In order to unify the reporting algorithms, all types of documents are proposed to be stored in a single database, and since the set of requisites can be different and, moreover, dynamic, this database should be NoSQL. Algorithms of calculations and reports scan the database and try to find the required attribute in each document or their combination (NoSQL supports indexes by attribute combinations, so full fullscan is not required). Finding an attribute (attributes) will be a sign of the inclusion of the document in a specific calculation / report.
Documents can be related to each other, which means the join storage “with itself” and this, in turn, requires, firstly, the orderly storage of all directories and documents (a graph of causality), and secondly - a revision of approaches to generating reports in favor of single-pass algorithms with short-term memory - instead of nested loops, albeit optimized.
A number of additional entities remain (residuals, comparisons, additional estimates), but, first, these entities reflect objects of the real world, and second, the basic principle must be respected - complete data on the business transaction should be obtained from the main document and related documents , without the use of synthetic entities, such as wiring, accounting register, etc.

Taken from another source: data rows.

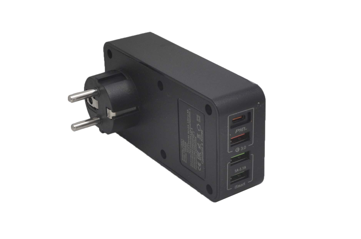 Сетевое адаптер. Номинальный ток, А 16. Напряжение, В 220. Количество постов 1 гнездо. Наличие вводного выключателя Нет. Цвет черный. Номинальное напряжение, В 220. Степень защиты IP20. 3 разъема USB + 1хType C, с заземлением
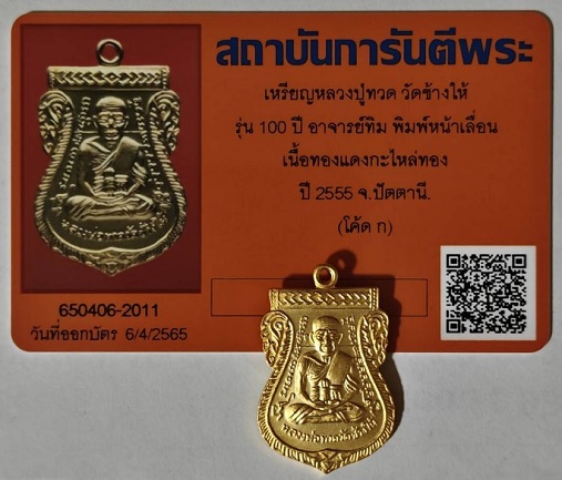 *****เหรียญหลวงปู่ทวด อาจารย์ทิม พิมพ์เสมาหน้าเลื่อน รุ่น 100 ปี เนื้อทองแดงกะไหล่ทอง ปี 2555 (โค้ด ก) วัดช้างไห้ จ.ปัตตานี |
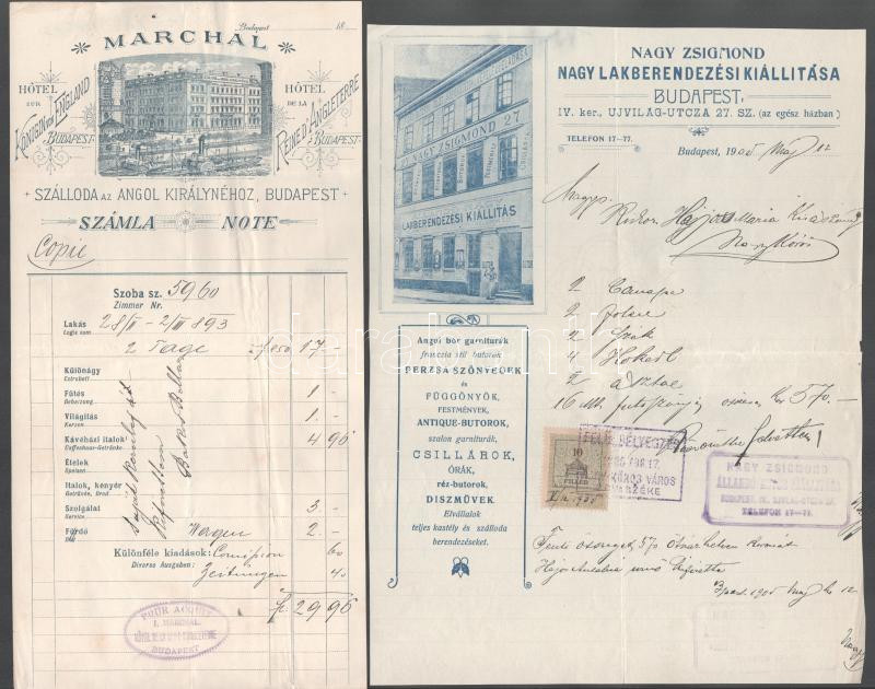 cca 1900 3 db dekoratív fejléces számla Nagy Zsigmond Lakberendezési kiállítása, Hirsch testvérek divat áruház, Marchal szálloda az Angol Királynéhoz
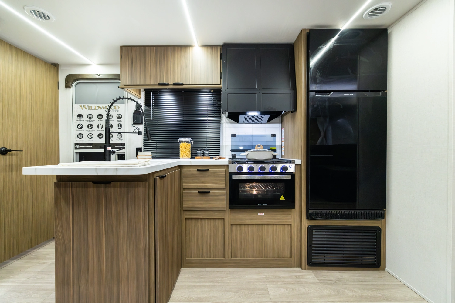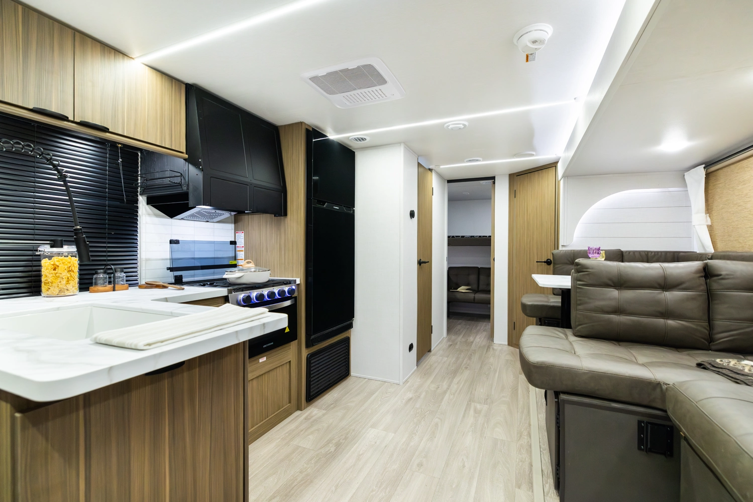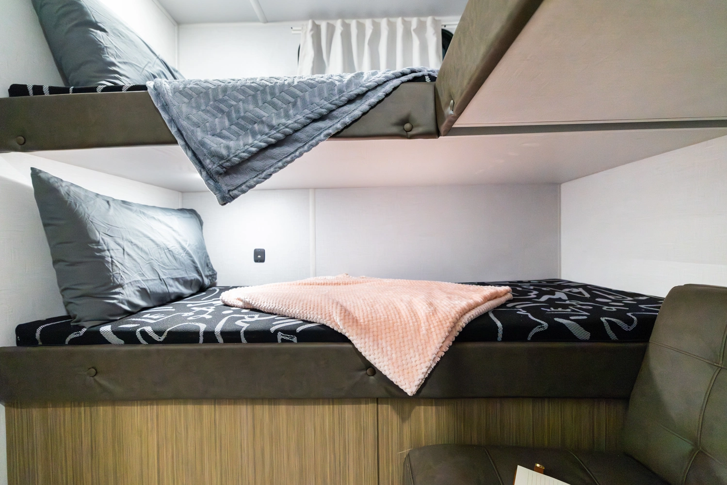 The 273QBXL is a versatile, lightweight bunkhouse that weighs in at less than 6,000 lbs. This travel trailer is packed with features, including bunks, an outside kitchen, U-dinette, Versa-Lounge, and walk-in shower. The kitchen includes an oversized 11 CU. FT. refrigerator, stovetop, oven, and pantry.
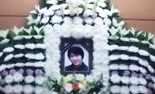 금속노조 기아자동차지부가 故 윤주형 조합원의 빈소에 조문을 왔다. 장례식장 앞에서는 촛불집회가 진행되고 있다. 기아자동차지부 정규직 집행 간부들...
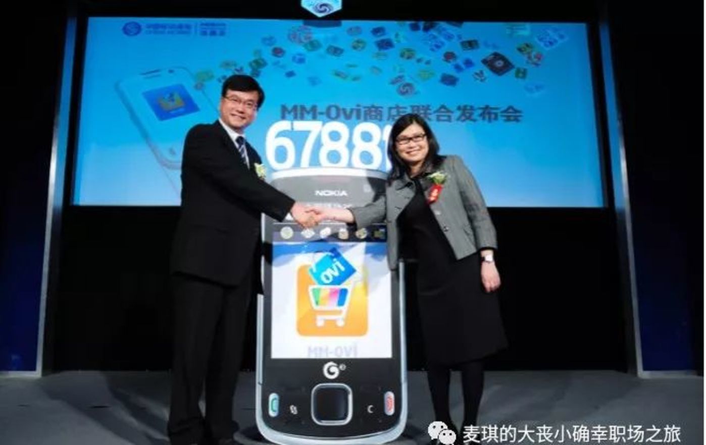 (MM-OVI 应用商店发布Chris和时任中国移动总裁李跃揭幕。2010)
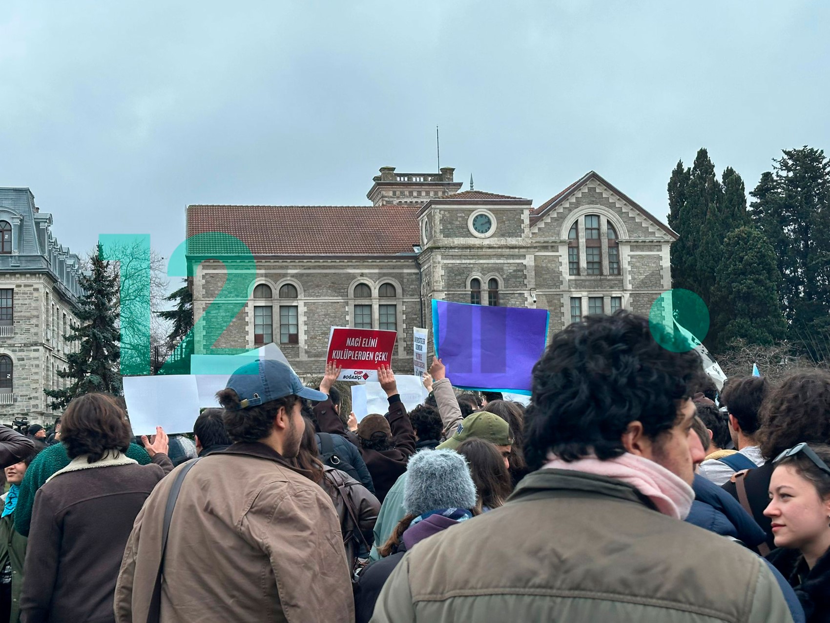 Boğaziçi Üniversitesi’nde kulüp odalarının polis eşliğinde boşaltılmasına tepki gösteren öğrenciler, ÖTK çağrısıyla Güney Meydan’da bir araya geldi; kulüp odalarına yürüyen öğrenci grubu polis ablukasıyla karşılaştı.
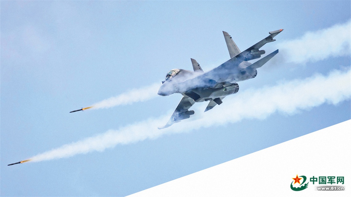 空军某部开展实弹射击训练。
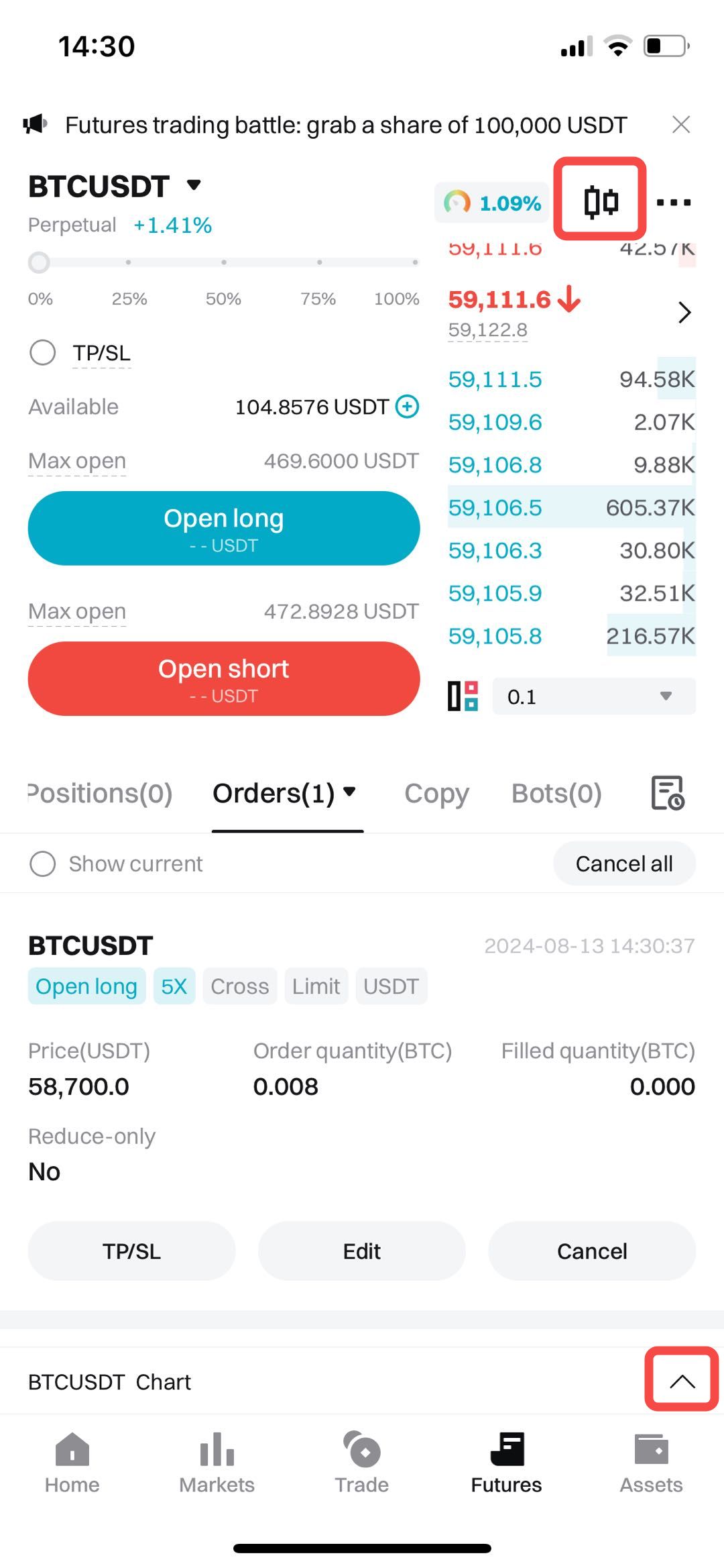 실시간 시장 움직임에 맞춰 주문을 검토하려면 차트 아이콘을 누르거나 [BTCUSDT Chart] 옆 화살표를 선택하세요.
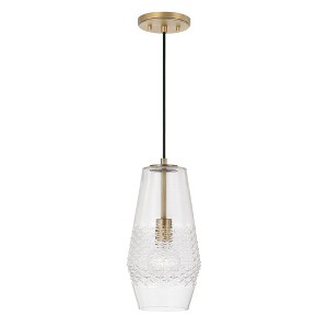 Reminiscent of heirloom glassware, the Dena Pendant brings a retrorevival to any space. The diamond embossed glass paired with Aged Brass gives a look that sparkles and shines. DIMENSIONS: Overall: 7"W x 14.25"H; Adjustable Hanging Height: 21" - 111"; Includes 96" of wire. DETAILS: The prism silhouette is accented by a diamond pattern embossed in clear glass; black braided cord. FINISH: Smooth to touch, the Aged Brass finish is a warm, honey-gold with subtle black undertones. The scouring technique creates a brushed visual texture and creates a refined, aged look. BULBS: Designed to be dimmable and LED/CFL/Incandescent bulb compatible, this fixture uses 1 - 100 Watt (max) E26 Medium base bulb (not included). It's shown here with a G25 lamp. FEATURES: Rated for dry locations; includes a 1-Year Manufacturer Warranty. Mounting Direction: Down Canopy Included: Yes Canopy Diameter: 5.00 Shade Included: Yes Shade Dimensions: 4.75 x 13.25

An additional bonus - the proposed system will allow you to create additional reference attributes of specific types of documents on the fly, without stopping the database, and with minimal intervention in the program code.
The disadvantage will be the need to programmatically implement the storage scheme (valid attribute sets, valid connections, data validation), without relying on the built-in tools of the DBMS. To be fair, in most commercial systems, foreign keys and triggers are not used, and the entire integrity of the data is provided by the algorithms on the server side of the application.
PS
A separate article deserves a description of single-pass algorithms with short-term memory, which will have to be used in calculations and reports with such a storage scheme, but even without this, the amount of work for the first MVP (storage scheme + input interface) significantly exceeds our current capabilities, so the project will move slowly, and I may be informing him of his status in the following articles.